*LISTED RECORDS*
=== Begin Enclosure ===
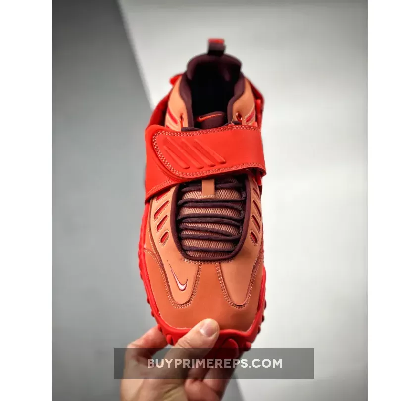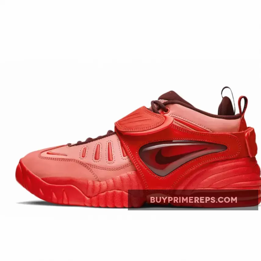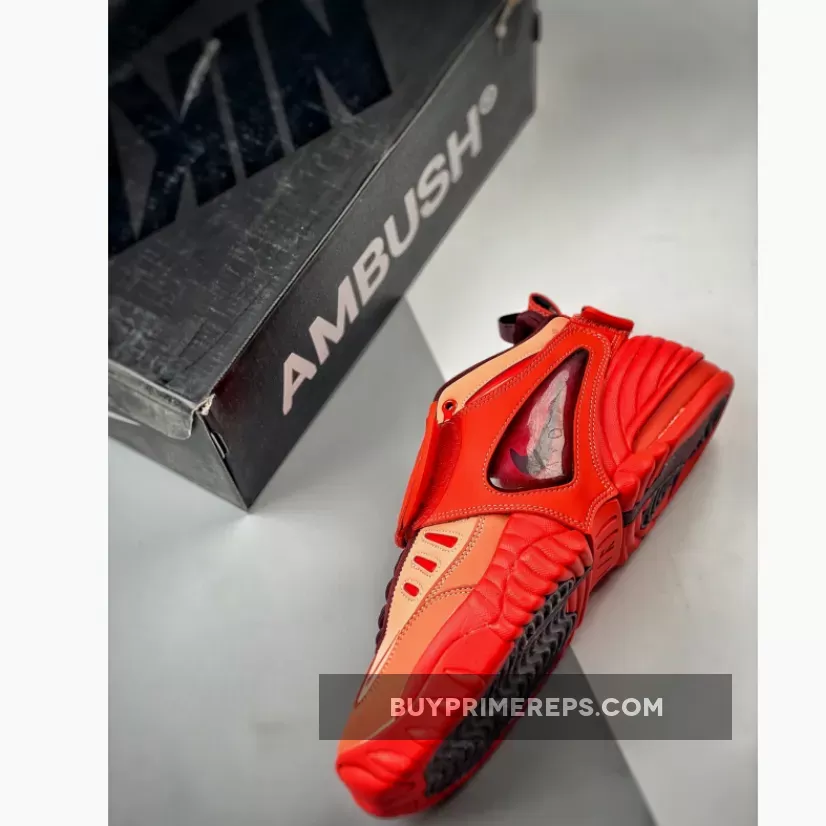The AMBUSH x Nike Air Adjust Force features a retro basketball silhouette as its base, but with a modern twist. The upper is crafted from nubuck and is predominantly covered in various shades of orange, ranging from bright hues to deeper, almost burnt brown accents. This vibrant color palette gives the sneaker a bold and energetic look that is perfect for those who want to make a fashion statement.
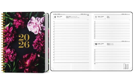 Diář David Twin wire, denní, A5, lamino, Pivoňky 2026
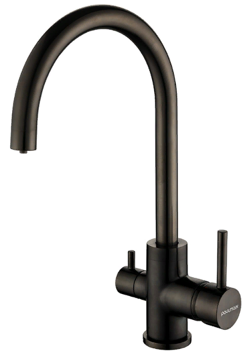 смеситель для кухни, латунь, дополнительный излив для фильтрованной воды, вороненая сталь
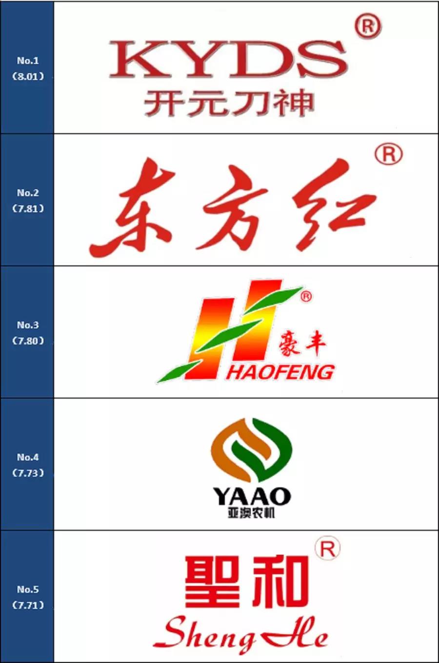 通過(guò)上面的一系列計算,入選旋耕機滿(mǎn)意品牌的是:開(kāi)元刀神、豪豐、東方紅、亞澳、圣和。
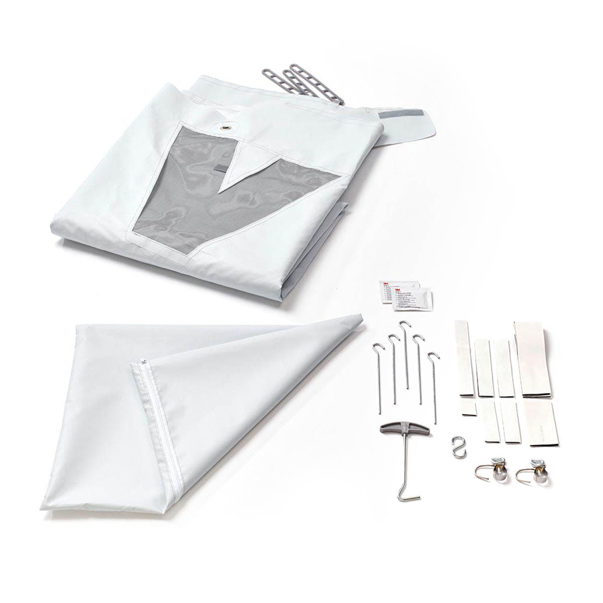 Contenido de entrega: tienda trasera, material de montaje, estacas, bolsa de transporte, instrucciones de montaje.
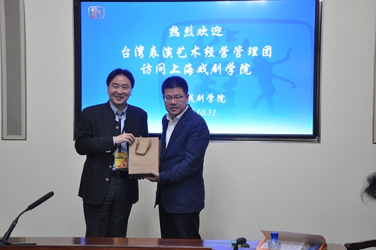 应文化部邀请,台湾表演艺术经营管理团一行20人于2017年10月31日来上海戏剧学院做交流访问,该访问团是由中华文化联谊会与台湾广艺基金会共同举办的“艺游两岸”两岸表演艺术交流活动。来访成员由台湾主要表演艺术场所、表演艺术团体经营者、制作人等组成。上海戏剧学院是台湾代表团在上海活动的行程之一,台湾来访人员与上海戏剧学院有关人员就两岸在艺术管理学生的培养、学生剧目实践,演出策展教学、剧本项目孵化等方面进行了交流。
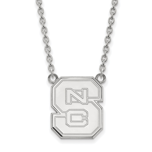 North Carolina State University block S pendant is made of polished 14k white gold. Item length: 3/4in, width: 5/8in. Officially licensed jewelry. Weight: 2.9 grams. Made in the USA. Fits up to a 4mm chain.
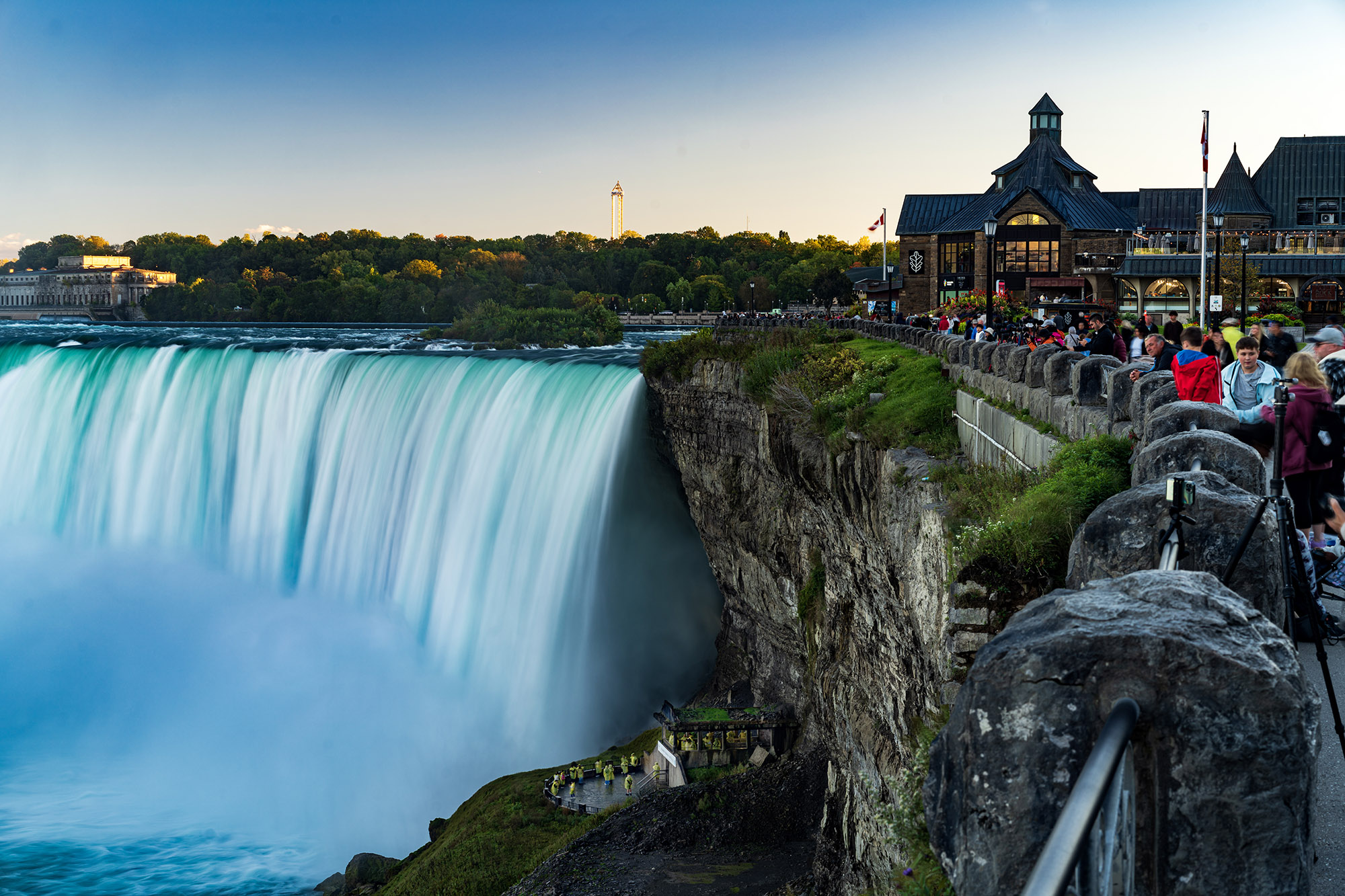 On the right, the energy of the tourist area comes alive. A promenade, bustling with visitors, runs along the cliff edge, adding a sense of scale and human interaction with the massive landmark. The beautifully detailed architecture of a nearby building, perhaps the Table Rock Welcome Centre, is bathed in the rich, warm glow of the setting sun, offsetting the cool blue tones of the mist and sky.
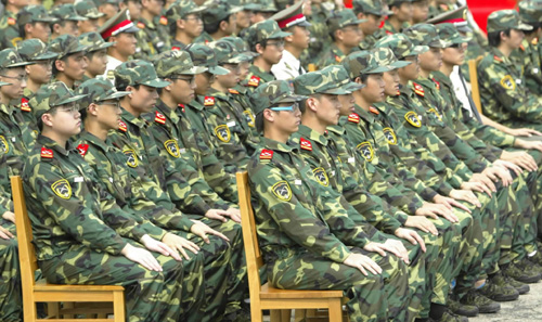 中新社香港七月二十日電 首屆“香港青少年軍事夏令營”今日在解放軍駐香港部隊開營。來自香港八十四所學校的一百名學生將在軍營度過為期十一天的軍事夏令營生活。
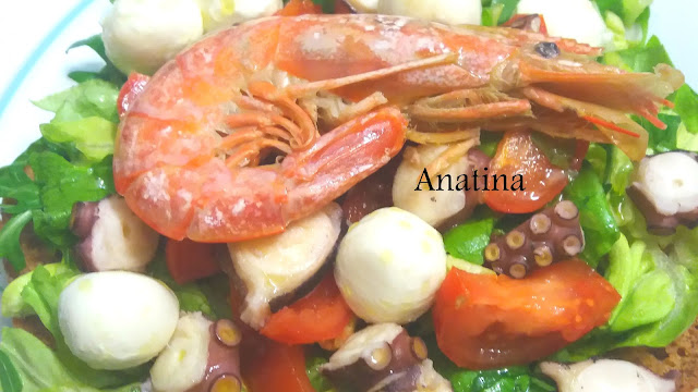una insalatina mista,pomodori pachino divisi in 4,polipo tagliato a pezzi grossi,bocconcini di
=== End Enclosure ===
*TASK*
Could you please write out exactly the lines from the start of the entries above through the line that holds "North Carolina State", both included, with no pictures?

*TASK ANSWER*
The AMBUSH x Nike Air Adjust Force features a retro basketball silhouette as its base, but with a modern twist. The upper is crafted from nubuck and is predominantly covered in various shades of orange, ranging from bright hues to deeper, almost burnt brown accents. This vibrant color palette gives the sneaker a bold and energetic look that is perfect for those who want to make a fashion statement.
 Diář David Twin wire, denní, A5, lamino, Pivoňky 2026
 смеситель для кухни, латунь, дополнительный излив для фильтрованной воды, вороненая сталь
 通過(guò)上面的一系列計算,入選旋耕機滿(mǎn)意品牌的是:開(kāi)元刀神、豪豐、東方紅、亞澳、圣和。
 Contenido de entrega: tienda trasera, material de montaje, estacas, bolsa de transporte, instrucciones de montaje.
 应文化部邀请,台湾表演艺术经营管理团一行20人于2017年10月31日来上海戏剧学院做交流访问,该访问团是由中华文化联谊会与台湾广艺基金会共同举办的“艺游两岸”两岸表演艺术交流活动。来访成员由台湾主要表演艺术场所、表演艺术团体经营者、制作人等组成。上海戏剧学院是台湾代表团在上海活动的行程之一,台湾来访人员与上海戏剧学院有关人员就两岸在艺术管理学生的培养、学生剧目实践,演出策展教学、剧本项目孵化等方面进行了交流。
 North Carolina State University block S pendant is made of polished 14k white gold. Item length: 3/4in, width: 5/8in. Officially licensed jewelry. Weight: 2.9 grams. Made in the USA. Fits up to a 4mm chain.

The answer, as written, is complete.